» Dataset excerpt
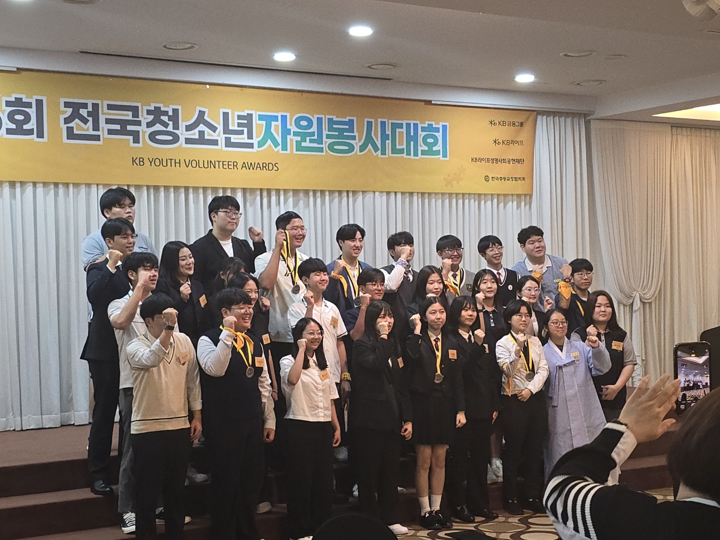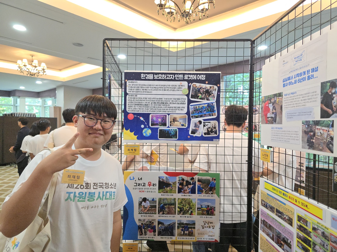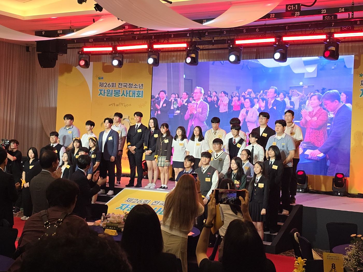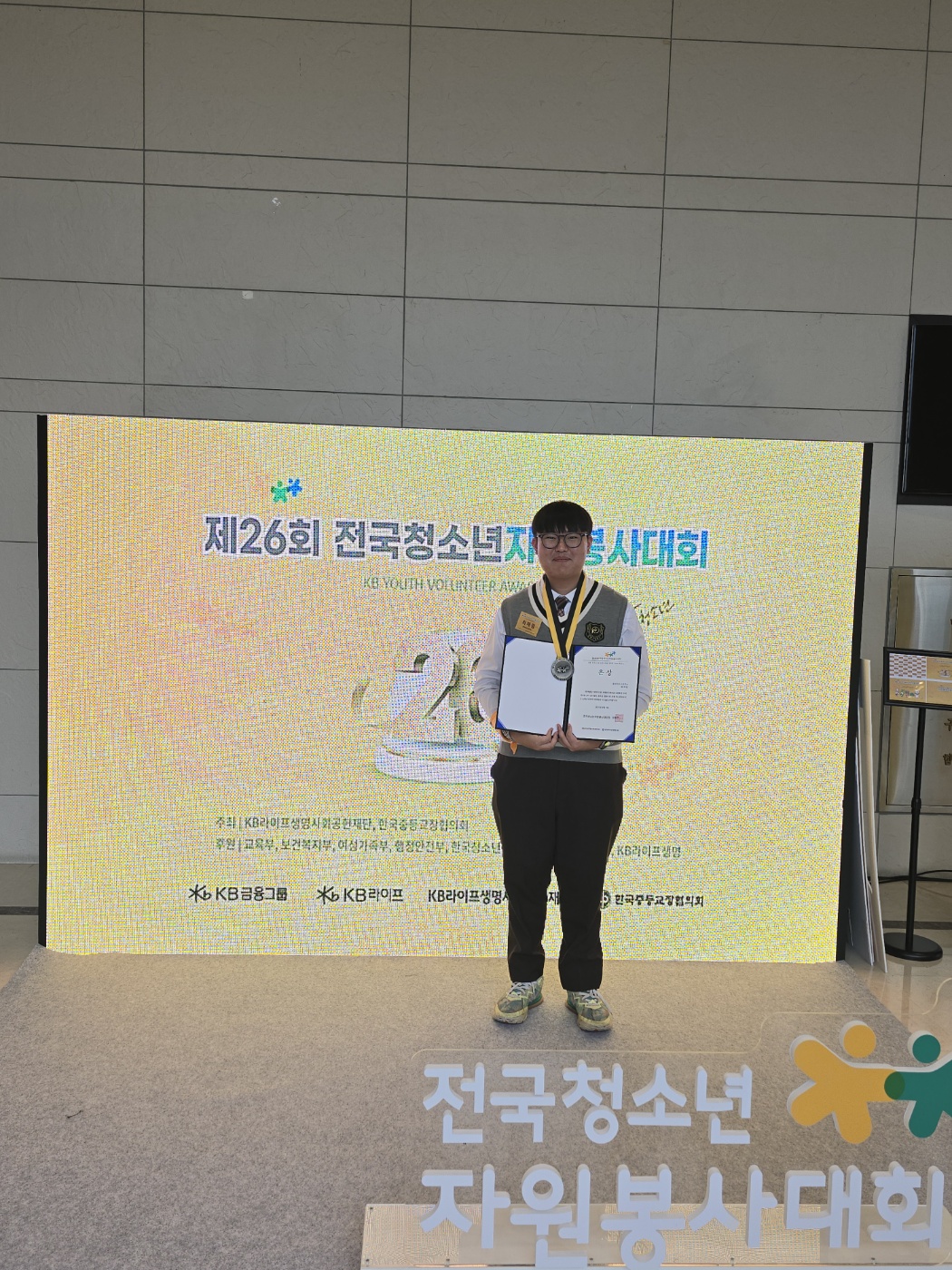 본교 3학년 최재림 학생이 지난 8일~9일 열린 전국자원봉사 대회에서 은상을 수상하는 영예를 안았습니다. 올해로 26회를 맞는 전국 자원 봉사 대회에는 총 510건, 1121명의 학생들이 응모하였으며, 3개월 간의 선발 과정을 거쳐 최종 30명 안에 들어 은상을 수상하였습니다. 은상 수상자들은 이날 서울 THE-K 호텔에 모여 1박2일 간의 프로그램을 수행하며 자신들의 봉사활동 사례를 공유하고 봉사활동으로 인한 성장 등의 이야기를 나누며 뜻 깊은 시간을 보냈습니다. 최재림 학생은 중학교 때부터 주말마다 자신의 손길이 필요한 곳에서 열심히 봉사활동을 하였으며, 특히 지역 바다의 오염이 심각하다는 생각으로 학생들의 인식을 개선하기 위해 지구 환경이 오염되어 모두 화성으로 이주하지만 화성 역시 오염 시킨다는 내용의 '화성이주로켓' 부스를 운영하여 많은 학생들에게 호응을 얻었습니다. 뿐만 아니라 부스의 우수성이 널리 알려져, 인근 초등학교와 세트트라 숲에서도 박람회를 열 정도로 지역 사회에도 좋은 영향을 끼치지도 하였습니다. 또한 이제는 학생이 조직한 동아리 후배들이 바통을 이어받아 어 좋은 부스를 만들어 학교 학생들에게 환경 보호와 실천의 중요성을 몸소 체험할 수 있도록 하고 있기도 합니다. 학생은 이날 은상 수상으로 받은 200만원으로 더 멋진 환경 보호 체험 부스를 만들어 졸업하기 전 마지막 불꽃을 태워보고 싶다고 말하고, 대학에 가거나 성인이 되어서도 어려운 사람들을 위한 봉사, 공익을 위한 캠페인 활동을 멈추지 않겠다고 말해 참석한 많은 사람들에게 박수를 받았습니다.
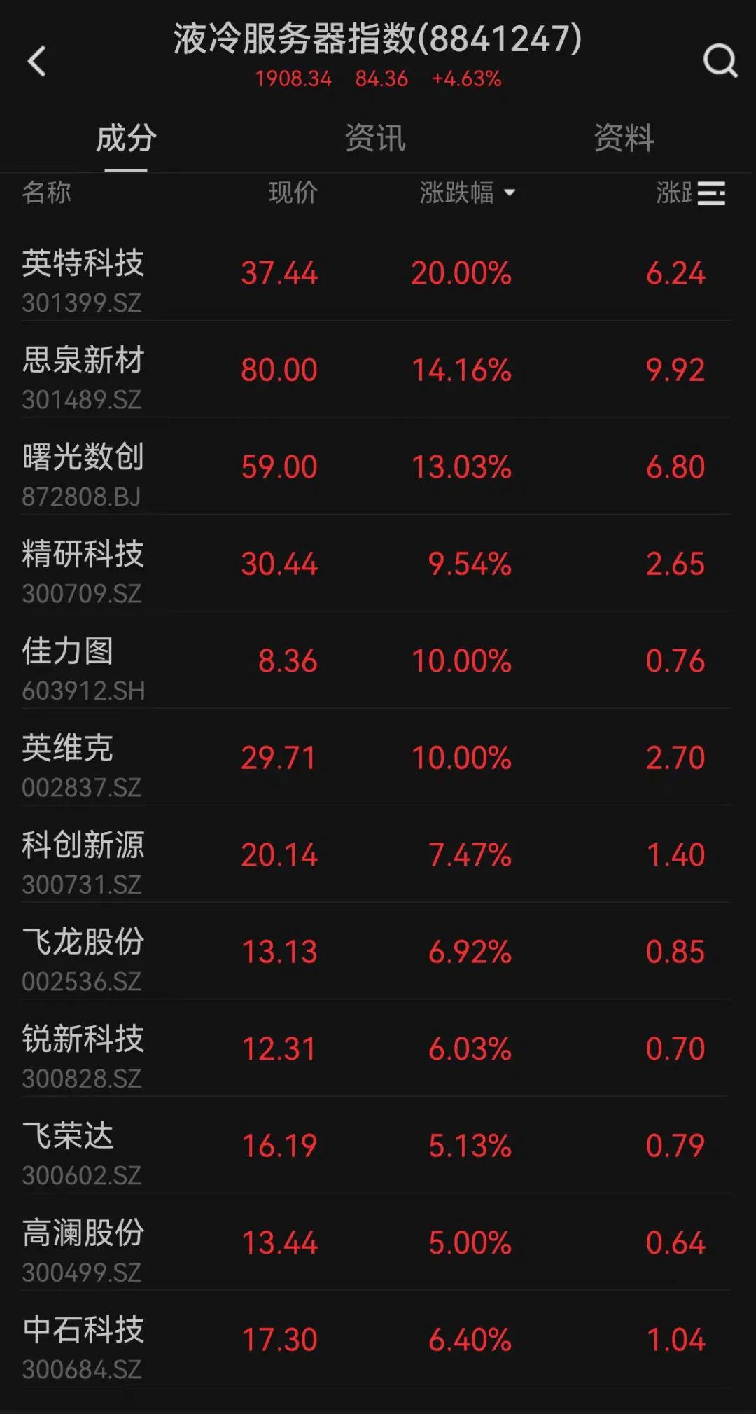 液冷服务器概念高开高走。英特科技拉出20cm涨停,英维克、佳力图涨停,曙光数创、精研科技、飞荣达、高澜股份等多股大涨。
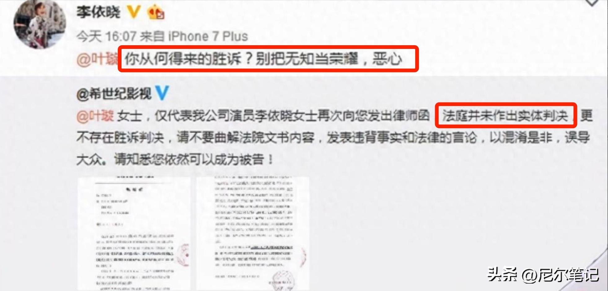 在这样颠倒黑白的言论下,李依晓气的把她告上法庭。
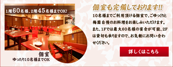 本場の料理人が腕を振るう、豪華宮廷料理の数々。 鮑に北京ダック、フカヒレの姿煮など、豪華な食材をふんだんに使った数々のコースを リーズナブルな価格にてご提供しております。 梅園だからできる、特別コース料理を是非ご堪能下さい。

» Your objective
With the pictures left out, restate word for word every line of the data above, from the first down to the line that contains "在这样颠倒黑白的言论下,李依晓气的把她告上法庭。".

» Answer section
 본교 3학년 최재림 학생이 지난 8일~9일 열린 전국자원봉사 대회에서 은상을 수상하는 영예를 안았습니다. 올해로 26회를 맞는 전국 자원 봉사 대회에는 총 510건, 1121명의 학생들이 응모하였으며, 3개월 간의 선발 과정을 거쳐 최종 30명 안에 들어 은상을 수상하였습니다. 은상 수상자들은 이날 서울 THE-K 호텔에 모여 1박2일 간의 프로그램을 수행하며 자신들의 봉사활동 사례를 공유하고 봉사활동으로 인한 성장 등의 이야기를 나누며 뜻 깊은 시간을 보냈습니다. 최재림 학생은 중학교 때부터 주말마다 자신의 손길이 필요한 곳에서 열심히 봉사활동을 하였으며, 특히 지역 바다의 오염이 심각하다는 생각으로 학생들의 인식을 개선하기 위해 지구 환경이 오염되어 모두 화성으로 이주하지만 화성 역시 오염 시킨다는 내용의 '화성이주로켓' 부스를 운영하여 많은 학생들에게 호응을 얻었습니다. 뿐만 아니라 부스의 우수성이 널리 알려져, 인근 초등학교와 세트트라 숲에서도 박람회를 열 정도로 지역 사회에도 좋은 영향을 끼치지도 하였습니다. 또한 이제는 학생이 조직한 동아리 후배들이 바통을 이어받아 어 좋은 부스를 만들어 학교 학생들에게 환경 보호와 실천의 중요성을 몸소 체험할 수 있도록 하고 있기도 합니다. 학생은 이날 은상 수상으로 받은 200만원으로 더 멋진 환경 보호 체험 부스를 만들어 졸업하기 전 마지막 불꽃을 태워보고 싶다고 말하고, 대학에 가거나 성인이 되어서도 어려운 사람들을 위한 봉사, 공익을 위한 캠페인 활동을 멈추지 않겠다고 말해 참석한 많은 사람들에게 박수를 받았습니다.
 液冷服务器概念高开高走。英特科技拉出20cm涨停,英维克、佳力图涨停,曙光数创、精研科技、飞荣达、高澜股份等多股大涨。
 在这样颠倒黑白的言论下,李依晓气的把她告上法庭。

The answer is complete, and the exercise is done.